Court Opinion

ID: 6975348
Source: CourtListenerOpinion
Date Created: 2022-07-24 02:09:59.622563+00
Date Added: 2024-06-11T16:08:57.642793
License: Public Domain

Mr. Chief Justice Carter, dissenting: I do not concur in the foregoing opinion on one point. In my judgment the three ballots that did not contain the endorsement of the initials of the judges should be counted. The court, in Choisser v. York, 211 Ill. 56, after reviewing the authorities in this State on the question, said that ballots not having the initials of the judges of election endorsed thereon could not be counted, “in the absence of evidence tending to show fraud and mistake on the part of the judges.” I am of the opinion from this record that these three ballots were cast by legal voters and the judges inadvertently omitted their initials on the back.
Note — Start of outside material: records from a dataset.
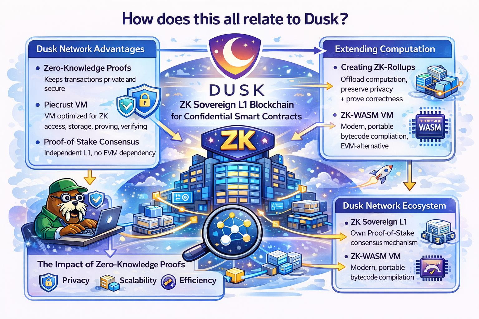 Now here’s where the ecosystem story gets really interesting. Dusk isn’t just a closed system—it’s a platform that can be extended. For third-party builders, there’s a clear pathway to expand computation and scalability through ZK-rollups and ZK-VMs that connect back to the network. This approach would allow heavy computation to happen externally while still providing verifiable correctness to the main chain. That’s the future of scalable privacy: offload what’s expensive, prove what’s true, and keep the core chain efficient and secure. In this context, a ZK-WASM VM becomes a fascinating possibility, because it could act as a bridge toward solutions that feel “ZK-EVM equivalent” in capability while staying aligned with Dusk’s more modern execution stack. The big difference is that instead of copying EVM constraints, Dusk can support provable computation in a way that is cleaner, more forward-looking, and more adaptable.
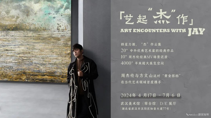 4月17日至7月6日,由周杰伦担任总策展人的展览《艺起“杰”作》,将在武汉美术馆(琴台馆)展出。此次展览含“杰”量极高,展厅内20余位中外艺术家的经典之作,由策展人周杰伦亲自挑选。还能看见周杰伦方文山这对知音再次合作,方文山个人创作的艺术作品,也将在现场展陈。
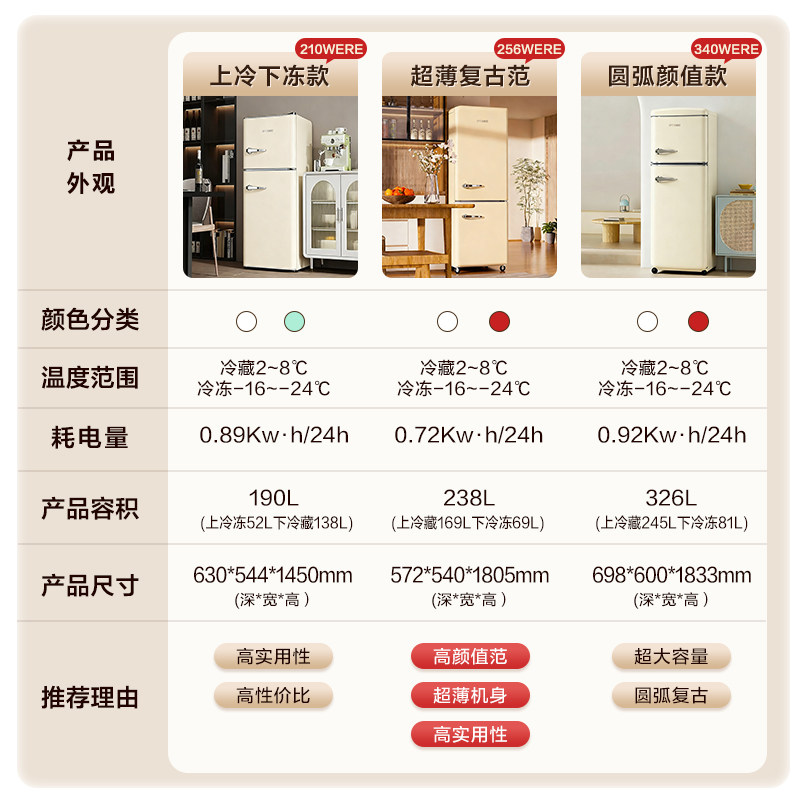 宝帕尼风冷无霜复古两门双门冰箱租房公寓奶油风白色超薄颜值网红

A voter should not be deprived of his vote by a mistake of election officers where he is not at fault, and the ballot itself, or other evidence in the record, shows that the ballot is genuine, delivered by the judges to the voter and by him voted, and that the lack of the judges’ initials was caused by mistake. The initials of a judge in his handwriting are for the purpose of identifying the ballot, but if the ballot can be fully identified, even in the absence of the initials, and it is shown that it was cast by a legal voter, it should be counted. This conclusion, I think, is in harmony with the decisions heretofore rendered by this court. Mr. Justice Dunn, also dissenting.